Several companies sell internet- or paper and pencil-based honesty tests. These test are inexpensive, easy to administer and of some value when hiring factory workers and retail sales people. Unfortunately, they are easy to game. If the test taker can figure out which answer someone who has no tolerance for lies would choose, he can pass the test. I have yet to meet an investment manager who wasn’t smart enough to game these tests.
Several firms sell voice stress analyzers, the theory here being that someone stressed is more likely to be lying than someone who is not. Unfortunately, the evidence I have seen shows that these machines aren’t very good at detecting stress. More important, stress can be caused by many things, including fear of losing an important sale. Moreover, a person who tells the same lie repeatedly eventually learns to cover his tracks and, worse, loses his fear. By the time you talk to him, he may be impossible to catch. All of this supports the position of Frank Russell’s manager or, at least, one possible interpretation of what he said.
This leaves questioning and observation as the Fund of Funds manager’s only real tools. Standard police interviewing technique is to make the suspect go over his story again and again and watch for discrepancies—another technique that is unavailable to us. Fortunately, even under fairly cursory questioning, liars sometimes let the truth leak out.
Consider, for example, an interview a hedge fund manager once gave to a certain well know investor. According to the investor, the hedge fund manager told the investor how he grew up poor and how important it was for him to win, which was exactly what the investor wanted to hear. Later, when the investor asked him where the seed money for his fund came from, the hedge fund manager told him it came from his trust fund. I had a childhood something like that myself. I was dirt poor. My tutors, my maids and my butlers hardly ever had enough to eat. My chauffeur had one shabby little outfit and had to make due with a three year old Rolls Royce. But for my single minded efforts to claw my way out of that ghetto, to earn the trust fund I deserved, I would be there now. But I digress.
In fiction, contradictions are an infallible indicator of lies, but the example above to the contrary; this is not always true in real life. In real life, people misremember, confuse one event with another. Ahem. Despite considerable effort, I can’t track down the source of the story above. Perhaps, my ‘example’ is just another bad memory.
More, while leakage is frequent in fiction, it is far less common in real life. The more types of slips the FOF manager can watch for, therefore, the more likely he is to catch a lie. The FOF manager, therefore, should listen for slips of the tongue, tirades, convoluted answers to simple questions, and inappropriate use of grammar. More, the FOF manager should listen to the HF manager’s tone of voice, and watch his face, posture and body movements. With the exception of slips of the tongue, all the FOF manager can hope to discover is the liar’s true emotions, but sometimes this is enough.

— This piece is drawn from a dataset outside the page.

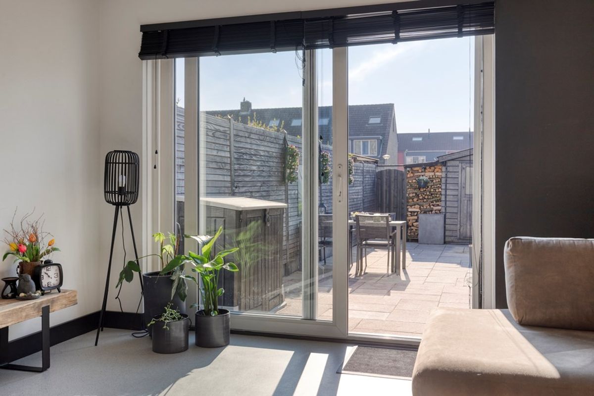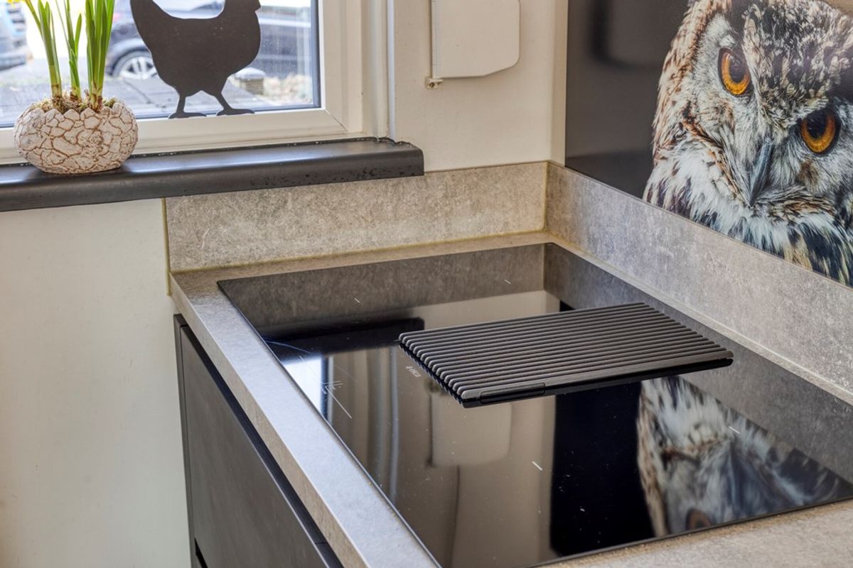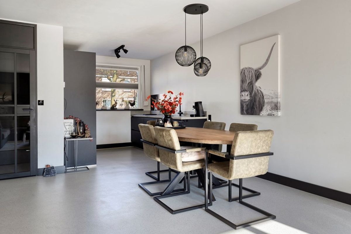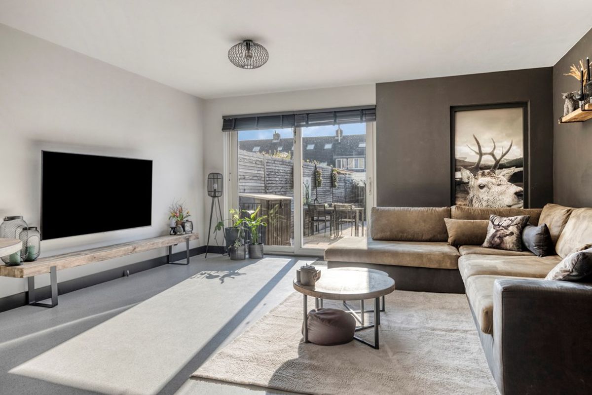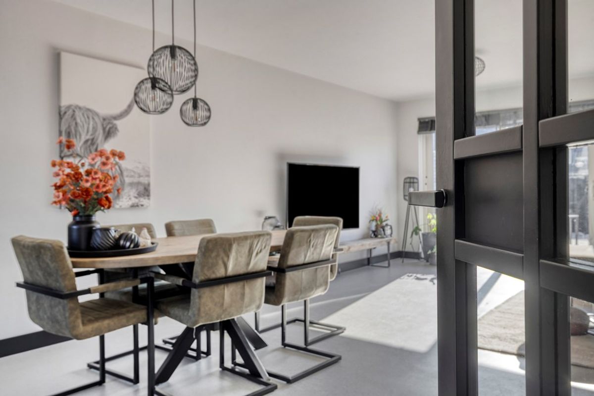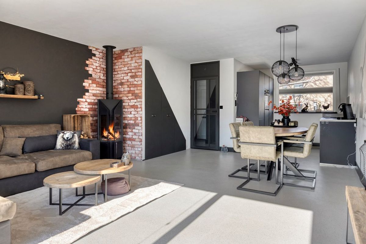 Bij binnenkomst valt direct de verzorgde afwerking op. De woonkamer is ruim opgezet en heerlijk licht door de grote raampartijen en de schuifpui richting de tuin. De moderne afwerking, de strakke vloer en de sfeervolle haard zorgen voor een warme en eigentijdse uitstraling. De open keuken sluit hier naadloos op aan en is luxe uitgevoerd.

For example, “Oscar”, a trader I once knew, now manages a European Hedge Fund. Several years ago, I talked to someone who said he had interviewed Oscar as part of a due diligence review. My informant said he repeatedly asked Oscar about his track record prior to starting his hedge fund, which, according to my informant, was not listed on his disclosure document. As far as I know, nothing prevented Oscar from disclosing his prior track record other than the fact it was dismal. But Oscar just sat there, professional and composed, repeatedly saying that his non-disclosure agreement prevented him from revealing his previous returns, all the while his right hand was flat on the table in front of him, palm down, middle finger extended.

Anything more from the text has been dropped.